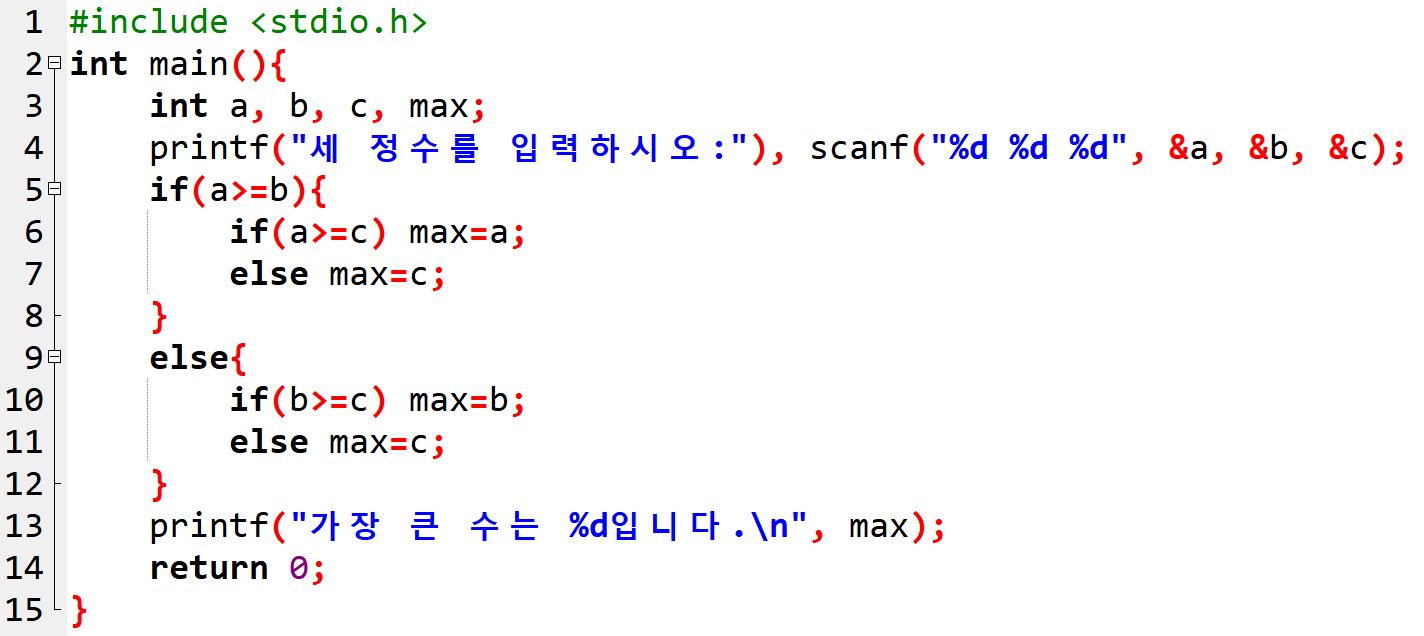 printf("세 정수를 입력하시오:"), scanf("%d %d %d", &a, &b, &c);
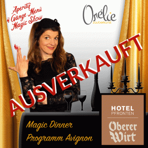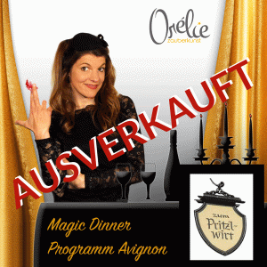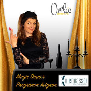 Orélie entführt Sie in die Welt der Magie und noch weiter, denn sie ist mehr als nur Zauberkünstlerin. Ihr Programm “Avignon” vereint Entertainment, Musik, und Magie und das alles mit sehr viel Humor. Sie holt den Zuschauer direkt in der ersten Minute ab und begibt sich mit ihm auf eine magische Reise. Eine Reise zu den Grenzen der Fassungslosigkeit und den Wellen des Staunens. Vorallem aber Tränen des Lachens und der Rührung finden ihren Weg an die Oberfläche, weil man sich selbst so gut wiedererkennt und mit Orélie, dieser Figur voll französischem Charme am liebsten Pferde stehlen möchte. Ihre außergewöhnlich ausgearbeiteten magischen Werke sind eingewoben in spannende Erzählungen und kuriose Handlungen. Mit einer magischen Bewegung lässt sie die Erdanziehungskraft blass aussehen. Auch geheime Gedanken sind vor Orélie nicht sicher, wenn sie ihre lang und hart trainierten mentalen Fähigkeiten nutzt um herauszufinden, was ihr Gegenüber denkt. Dinge werden unsichtbar und verschwinden, um dann an sehr ungewöhnlichen Orten wieder aufzutauchen. Das ist Zauberkunst in einem ganz anderen Kontext. Für Erwachsene, für Träumer, für Realisten – und für die, die ihren magischen Blick aufs Leben neu justieren wollen.
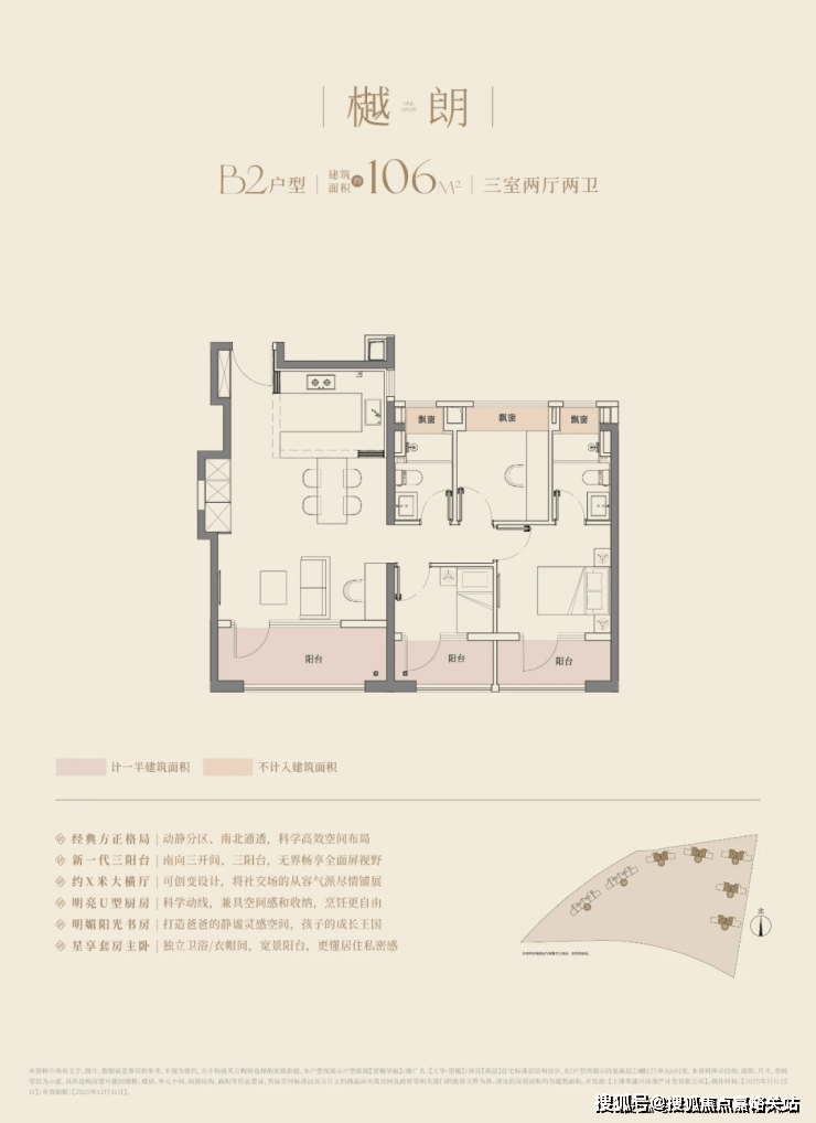 建面约106㎡的三房两厅两卫, 3.5开间朝南,南向面宽达到约11.8m! 碾压市面上以前的三开间朝南、10米面宽的三房户型。
════════
ACTIVITY >> Transcribe all of the lines above exactly as given. The pictures stay out.

PROBLEM SOLUTION >>
 printf("세 정수를 입력하시오:"), scanf("%d %d %d", &a, &b, &c);
 Orélie entführt Sie in die Welt der Magie und noch weiter, denn sie ist mehr als nur Zauberkünstlerin. Ihr Programm “Avignon” vereint Entertainment, Musik, und Magie und das alles mit sehr viel Humor. Sie holt den Zuschauer direkt in der ersten Minute ab und begibt sich mit ihm auf eine magische Reise. Eine Reise zu den Grenzen der Fassungslosigkeit und den Wellen des Staunens. Vorallem aber Tränen des Lachens und der Rührung finden ihren Weg an die Oberfläche, weil man sich selbst so gut wiedererkennt und mit Orélie, dieser Figur voll französischem Charme am liebsten Pferde stehlen möchte. Ihre außergewöhnlich ausgearbeiteten magischen Werke sind eingewoben in spannende Erzählungen und kuriose Handlungen. Mit einer magischen Bewegung lässt sie die Erdanziehungskraft blass aussehen. Auch geheime Gedanken sind vor Orélie nicht sicher, wenn sie ihre lang und hart trainierten mentalen Fähigkeiten nutzt um herauszufinden, was ihr Gegenüber denkt. Dinge werden unsichtbar und verschwinden, um dann an sehr ungewöhnlichen Orten wieder aufzutauchen. Das ist Zauberkunst in einem ganz anderen Kontext. Für Erwachsene, für Träumer, für Realisten – und für die, die ihren magischen Blick aufs Leben neu justieren wollen.
 建面约106㎡的三房两厅两卫, 3.5开间朝南,南向面宽达到约11.8m! 碾压市面上以前的三开间朝南、10米面宽的三房户型。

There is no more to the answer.